Access Tiers, Batch Pricing, and Other Planning Caveats
There are three final caveats worth keeping in your mental model before you set a budget or promise a product team a certain throughput number.
The first is access. On the current official model pages, OpenAI's image-generation lanes show Free not supported. The current GPT Image 1.5 and alias pages list Tier 1 at 100,000 TPM and 5 IPM, then 20 IPM at Tier 2, 50 IPM at Tier 3, 150 IPM at Tier 4, and 250 IPM at Tier 5. In other words, this is not a surface you should plan to test indefinitely from a true free account. If your actual blocker is access rather than pricing, start with how to get an OpenAI API key and the current OpenAI API key requirements before you keep debugging image requests.
The second is Batch pricing. OpenAI's pricing page currently halves the token rates for GPT Image 1.5 and mini in Batch. For pure generation workloads, that effectively means the output-image component is roughly halved as well. A background run that would land around $340 in standard output-only pricing for 10,000 GPT Image 1.5 medium square outputs moves closer to $170 in Batch before prompt and edit-path costs. That can be a real savings lever if you are running non-interactive jobs. It is not a magic discount for every use case. If your application needs immediate user-facing results, Batch is the wrong answer no matter how nice the discount looks in a spreadsheet.
The third is surface confusion. ChatGPT subscription pricing is not API pricing. A ChatGPT plan can change what image generation you get in ChatGPT itself, but it does not replace the API billing model. The broad search term often attracts readers who are actually comparing app behavior, API behavior, and third-party routing all at once. For production work, keep those surfaces separate or your budget will get sloppy fast.

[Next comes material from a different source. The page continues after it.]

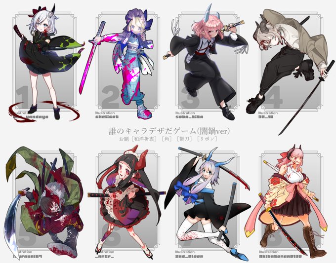 #誰のキャラデザだゲーム お題[和洋折衷][角][帯刀][リボン] 総勢8名にて各自デザインしたラフを交換をし 私は7番の子を担当させて頂きました! 私のデザインは何番かアンケートにて予想していただければと思います。答え合わせは明日以降となります。

If you are already funded but still hitting quota or tier errors, our guide to the OpenAI API key quota exceeded error is the better next step than continuing to stare at the pricing page alone.
FAQ
Is GPT Image 1.5 the current OpenAI image flagship?

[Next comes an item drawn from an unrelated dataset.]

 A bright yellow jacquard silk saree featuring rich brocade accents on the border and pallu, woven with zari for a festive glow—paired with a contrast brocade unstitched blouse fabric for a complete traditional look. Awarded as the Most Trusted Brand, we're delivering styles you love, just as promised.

Yes. As checked on March 20, 2026, OpenAI's current model catalog lists GPT Image 1.5 as the main current image model and labels GPT Image 1 as the previous image generation model.
What is the cheapest current OpenAI image API price?
The cheapest current official floor is gpt-image-1-mini low at $0.005 for a 1024x1024 output image. GPT Image 1.5 starts at $0.009 for the same low square output.
Does chatgpt-image-latest have different pricing from GPT Image 1.5?
Not at the moment. The current official alias page matches GPT Image 1.5 pricing. But it is still useful to think of it as a ChatGPT alias rather than the cleanest stable model choice for a long-lived API workflow.
Why does my invoice look higher than the per-image output chart?
Because the visible per-image tables are mainly about output generation. Text input tokens, image input tokens on edits, and some billed text-output behavior can raise the total request cost above the output-only number.
Is there a free tier for OpenAI image generation API?
The current official image model pages show Free not supported for GPT Image 1.5, mini, and the ChatGPT alias. For current image generation, treat paid Tier 1 access as the real starting point.
Should I still use GPT Image 1 or DALL-E 3?
Only if you have a specific migration or compatibility reason. For a fresh 2026 pricing decision, GPT Image 1.5 and mini are the lanes that matter most.